SOURCE MATERIAL: Begin

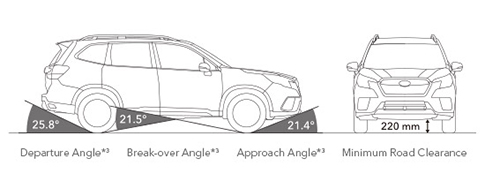 El Forester fue diseñado no solo para una gran distancia al suelo de SUV, sino también para considerar cuidadosamente los ángulos de aproximación, salida y ruptura. Todos han sido optimizados para ayudarte a superar obstáculos sin sufrir daños ni atascarse.
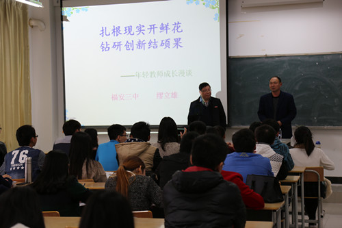 2015年12月8日福安三中李成文董事长、缪立雄书记及谢仙雄教导处主任应邀到我系传经送宝。下午2:30,李成文董事长和谢仙雄教导处主任与我系教师进行座谈,李董事长以福安三中为例详细介绍了微课与翻转教学开展的方式、取得的成果及所遇到的困难,并就双方教研合作与课题申报等方面进行了深刻的交流并取得一致的看法。
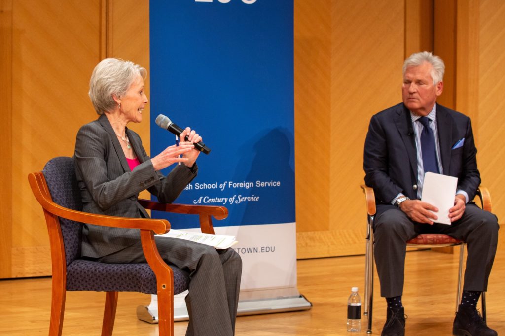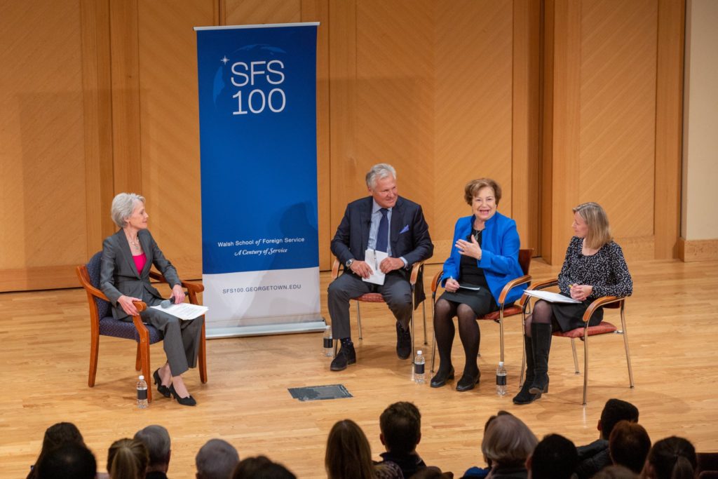 On Saturday, November 16, 2019, as a part of the Walsh School of Foreign Service’s Centennial Anniversary celebration weekend of special commemorative events, SFS Centennial Fellow and former CNN contributor Jill Dougherty (S’13) joined Julia Gurganus (RASP’94), Visiting Scholar for Carnegie Russia, Dr. Angela Stent, Professor and Director of CERES, and Aleksander Kwasniewski, former President of Poland, for a discussion on “Resurgent Russia.”

SOURCE MATERIAL: End

• **TO DO**
Set the listing down again exactly, skipping each picture.

• **ANSWER SPACE**
 El Forester fue diseñado no solo para una gran distancia al suelo de SUV, sino también para considerar cuidadosamente los ángulos de aproximación, salida y ruptura. Todos han sido optimizados para ayudarte a superar obstáculos sin sufrir daños ni atascarse.
 2015年12月8日福安三中李成文董事长、缪立雄书记及谢仙雄教导处主任应邀到我系传经送宝。下午2:30,李成文董事长和谢仙雄教导处主任与我系教师进行座谈,李董事长以福安三中为例详细介绍了微课与翻转教学开展的方式、取得的成果及所遇到的困难,并就双方教研合作与课题申报等方面进行了深刻的交流并取得一致的看法。
 On Saturday, November 16, 2019, as a part of the Walsh School of Foreign Service’s Centennial Anniversary celebration weekend of special commemorative events, SFS Centennial Fellow and former CNN contributor Jill Dougherty (S’13) joined Julia Gurganus (RASP’94), Visiting Scholar for Carnegie Russia, Dr. Angela Stent, Professor and Director of CERES, and Aleksander Kwasniewski, former President of Poland, for a discussion on “Resurgent Russia.”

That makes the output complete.